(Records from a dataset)
^^^^^^^^

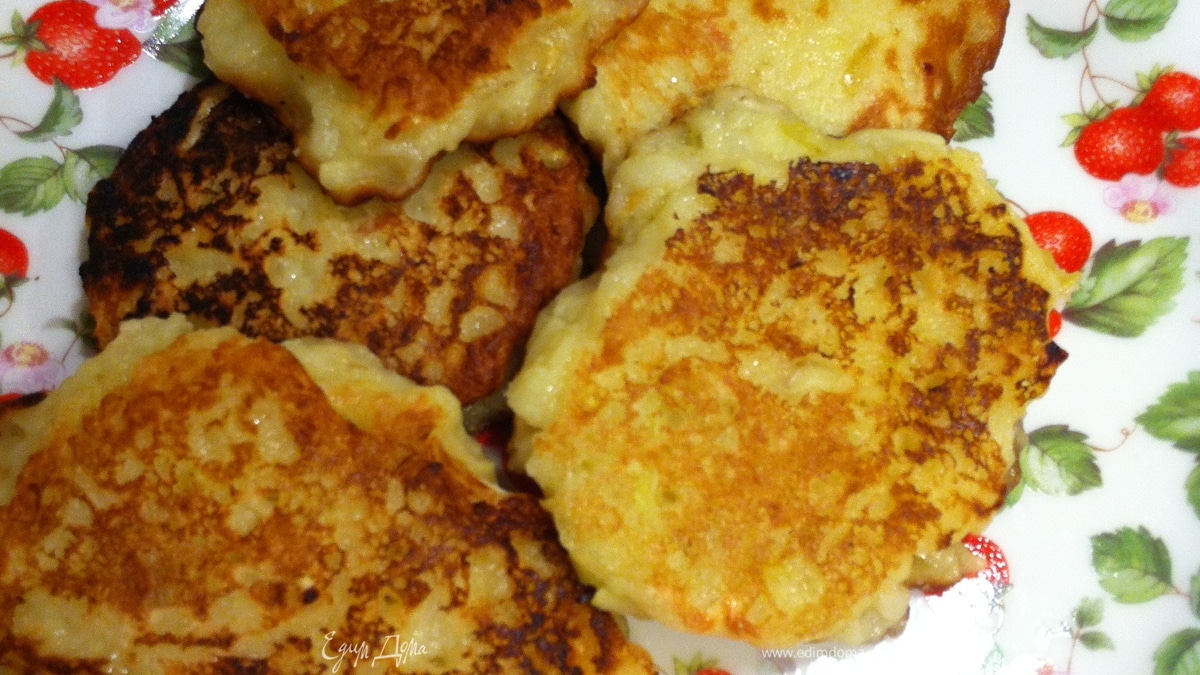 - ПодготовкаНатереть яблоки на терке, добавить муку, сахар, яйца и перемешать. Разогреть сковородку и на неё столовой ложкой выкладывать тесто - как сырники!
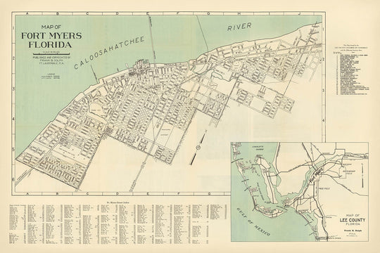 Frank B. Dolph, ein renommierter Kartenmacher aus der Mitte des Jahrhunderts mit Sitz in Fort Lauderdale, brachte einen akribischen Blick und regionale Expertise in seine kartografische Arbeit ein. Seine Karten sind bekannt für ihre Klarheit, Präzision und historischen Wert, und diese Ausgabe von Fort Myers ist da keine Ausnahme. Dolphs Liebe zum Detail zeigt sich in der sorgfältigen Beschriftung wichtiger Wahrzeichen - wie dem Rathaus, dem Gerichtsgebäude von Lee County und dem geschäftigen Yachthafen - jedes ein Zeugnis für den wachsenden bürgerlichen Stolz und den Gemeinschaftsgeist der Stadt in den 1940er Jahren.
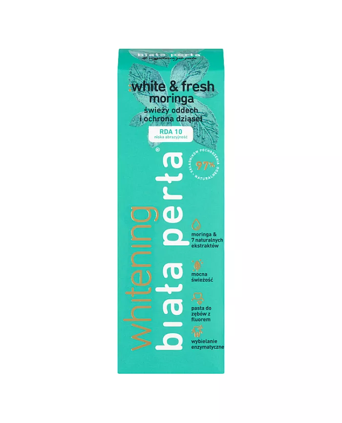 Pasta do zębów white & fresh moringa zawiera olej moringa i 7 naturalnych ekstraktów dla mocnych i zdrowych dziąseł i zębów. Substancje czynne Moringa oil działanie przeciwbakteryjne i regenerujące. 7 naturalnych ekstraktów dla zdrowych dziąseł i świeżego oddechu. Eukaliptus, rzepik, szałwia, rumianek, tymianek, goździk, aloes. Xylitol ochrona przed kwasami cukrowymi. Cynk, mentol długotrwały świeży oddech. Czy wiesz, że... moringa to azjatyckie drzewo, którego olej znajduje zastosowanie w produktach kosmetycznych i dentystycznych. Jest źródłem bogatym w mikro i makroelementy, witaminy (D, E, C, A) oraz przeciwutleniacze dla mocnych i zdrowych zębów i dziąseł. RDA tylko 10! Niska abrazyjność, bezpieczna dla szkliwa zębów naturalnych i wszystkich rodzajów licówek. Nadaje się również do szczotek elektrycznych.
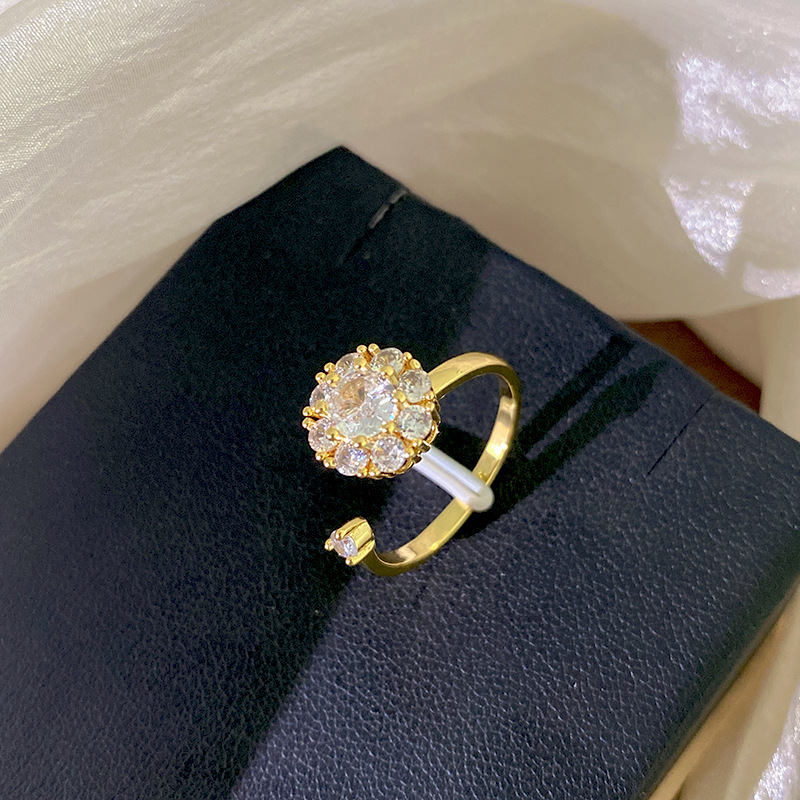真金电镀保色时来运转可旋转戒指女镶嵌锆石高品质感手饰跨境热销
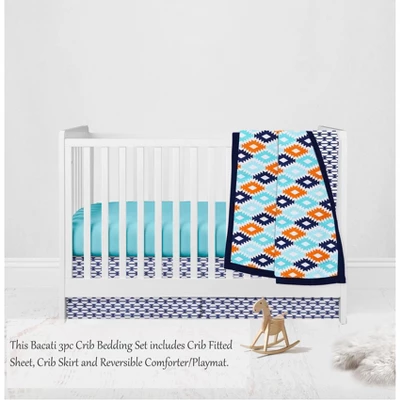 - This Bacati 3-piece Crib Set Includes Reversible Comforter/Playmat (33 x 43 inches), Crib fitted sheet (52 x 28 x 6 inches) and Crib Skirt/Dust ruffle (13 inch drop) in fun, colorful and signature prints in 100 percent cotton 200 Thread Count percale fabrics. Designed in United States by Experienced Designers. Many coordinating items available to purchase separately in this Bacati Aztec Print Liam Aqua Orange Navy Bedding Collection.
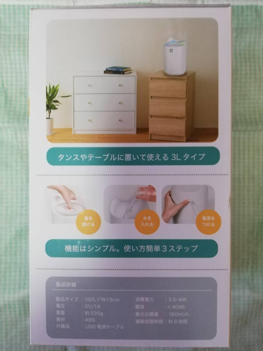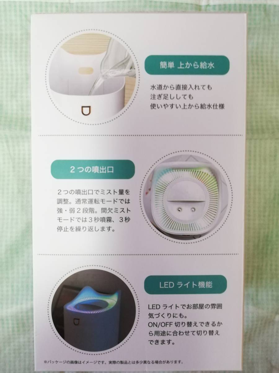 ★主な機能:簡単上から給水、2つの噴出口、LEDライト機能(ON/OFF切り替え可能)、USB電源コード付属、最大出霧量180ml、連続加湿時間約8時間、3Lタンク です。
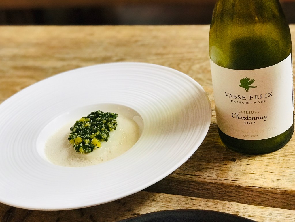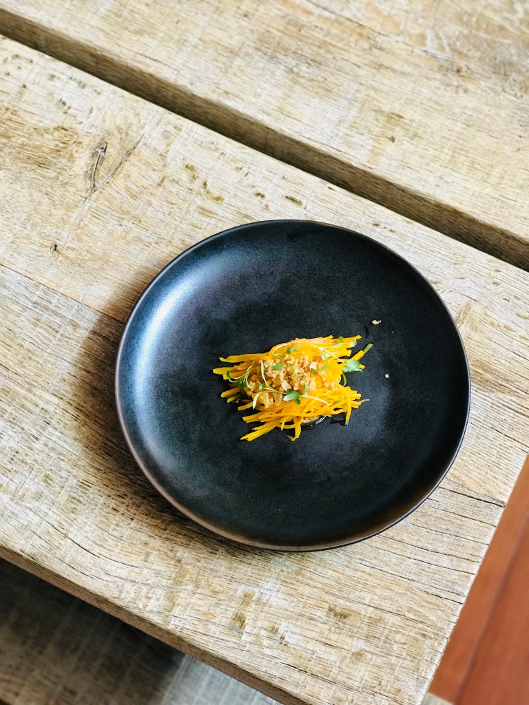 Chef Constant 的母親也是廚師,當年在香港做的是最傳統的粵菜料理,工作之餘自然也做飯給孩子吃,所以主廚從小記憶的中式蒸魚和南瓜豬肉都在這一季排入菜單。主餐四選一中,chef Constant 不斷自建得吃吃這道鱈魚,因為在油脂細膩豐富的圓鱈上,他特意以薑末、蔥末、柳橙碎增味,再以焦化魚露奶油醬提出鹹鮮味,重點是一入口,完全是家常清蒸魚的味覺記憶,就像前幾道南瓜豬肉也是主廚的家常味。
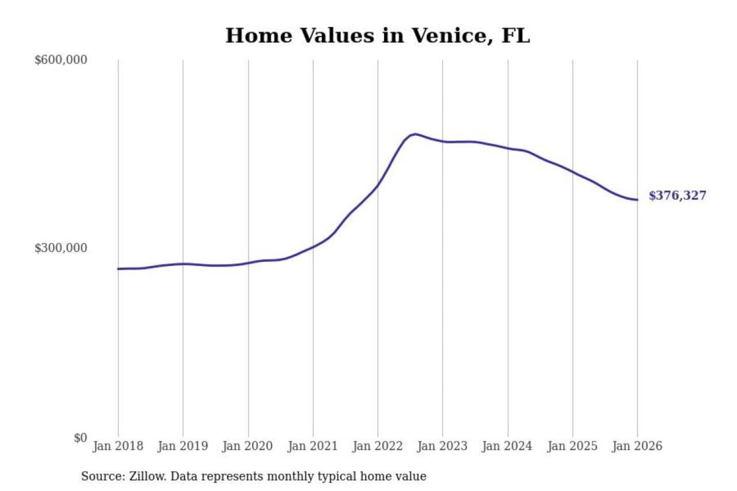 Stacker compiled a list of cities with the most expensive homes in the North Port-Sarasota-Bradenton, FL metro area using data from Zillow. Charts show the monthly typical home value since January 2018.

^^^^^^^^

* REQUIRED WORK
Write out the records once more, exactly as they stand, with no images.

* WRITTEN RESPONSE
 - ПодготовкаНатереть яблоки на терке, добавить муку, сахар, яйца и перемешать. Разогреть сковородку и на неё столовой ложкой выкладывать тесто - как сырники!
 Frank B. Dolph, ein renommierter Kartenmacher aus der Mitte des Jahrhunderts mit Sitz in Fort Lauderdale, brachte einen akribischen Blick und regionale Expertise in seine kartografische Arbeit ein. Seine Karten sind bekannt für ihre Klarheit, Präzision und historischen Wert, und diese Ausgabe von Fort Myers ist da keine Ausnahme. Dolphs Liebe zum Detail zeigt sich in der sorgfältigen Beschriftung wichtiger Wahrzeichen - wie dem Rathaus, dem Gerichtsgebäude von Lee County und dem geschäftigen Yachthafen - jedes ein Zeugnis für den wachsenden bürgerlichen Stolz und den Gemeinschaftsgeist der Stadt in den 1940er Jahren.
 Pasta do zębów white & fresh moringa zawiera olej moringa i 7 naturalnych ekstraktów dla mocnych i zdrowych dziąseł i zębów. Substancje czynne Moringa oil działanie przeciwbakteryjne i regenerujące. 7 naturalnych ekstraktów dla zdrowych dziąseł i świeżego oddechu. Eukaliptus, rzepik, szałwia, rumianek, tymianek, goździk, aloes. Xylitol ochrona przed kwasami cukrowymi. Cynk, mentol długotrwały świeży oddech. Czy wiesz, że... moringa to azjatyckie drzewo, którego olej znajduje zastosowanie w produktach kosmetycznych i dentystycznych. Jest źródłem bogatym w mikro i makroelementy, witaminy (D, E, C, A) oraz przeciwutleniacze dla mocnych i zdrowych zębów i dziąseł. RDA tylko 10! Niska abrazyjność, bezpieczna dla szkliwa zębów naturalnych i wszystkich rodzajów licówek. Nadaje się również do szczotek elektrycznych.
真金电镀保色时来运转可旋转戒指女镶嵌锆石高品质感手饰跨境热销
 - This Bacati 3-piece Crib Set Includes Reversible Comforter/Playmat (33 x 43 inches), Crib fitted sheet (52 x 28 x 6 inches) and Crib Skirt/Dust ruffle (13 inch drop) in fun, colorful and signature prints in 100 percent cotton 200 Thread Count percale fabrics. Designed in United States by Experienced Designers. Many coordinating items available to purchase separately in this Bacati Aztec Print Liam Aqua Orange Navy Bedding Collection.
 ★主な機能:簡単上から給水、2つの噴出口、LEDライト機能(ON/OFF切り替え可能)、USB電源コード付属、最大出霧量180ml、連続加湿時間約8時間、3Lタンク です。
 Chef Constant 的母親也是廚師,當年在香港做的是最傳統的粵菜料理,工作之餘自然也做飯給孩子吃,所以主廚從小記憶的中式蒸魚和南瓜豬肉都在這一季排入菜單。主餐四選一中,chef Constant 不斷自建得吃吃這道鱈魚,因為在油脂細膩豐富的圓鱈上,他特意以薑末、蔥末、柳橙碎增味,再以焦化魚露奶油醬提出鹹鮮味,重點是一入口,完全是家常清蒸魚的味覺記憶,就像前幾道南瓜豬肉也是主廚的家常味。
 Stacker compiled a list of cities with the most expensive homes in the North Port-Sarasota-Bradenton, FL metro area using data from Zillow. Charts show the monthly typical home value since January 2018.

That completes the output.